**Task brief**
Without its pictures, the listing below is to be transcribed exactly.

**Material provided**
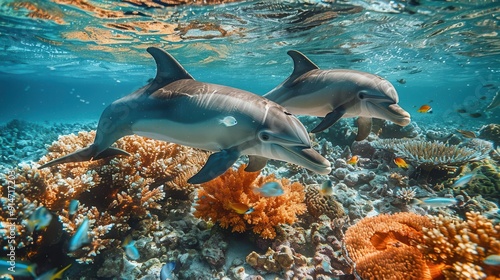 Dolphins weaving through coral and fish, underwater splendor, dynamic, composite, coral atoll backdrop
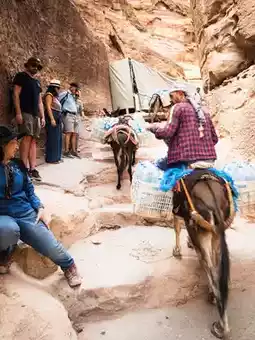 But soon the silence fades. Hundreds of stone steps ahead become a bustling path of tourists, passing each other up and down. Some ride donkeys, others camels, and some carry water and supplies, as if they were still serving in ancient caravans.
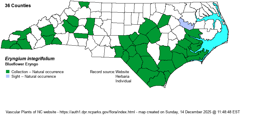 | Other Common Name(s) | Savanna Eryngo. More references use Blueflower Eryngo as a common name than do Savanna Eryngo, but as several other species have blue flowers, and as this a species of savannas, Savanna Eryngo is probably a better name to use, at least in NC. | |

**Answer to this task**
 Dolphins weaving through coral and fish, underwater splendor, dynamic, composite, coral atoll backdrop
 But soon the silence fades. Hundreds of stone steps ahead become a bustling path of tourists, passing each other up and down. Some ride donkeys, others camels, and some carry water and supplies, as if they were still serving in ancient caravans.
 | Other Common Name(s) | Savanna Eryngo. More references use Blueflower Eryngo as a common name than do Savanna Eryngo, but as several other species have blue flowers, and as this a species of savannas, Savanna Eryngo is probably a better name to use, at least in NC. | |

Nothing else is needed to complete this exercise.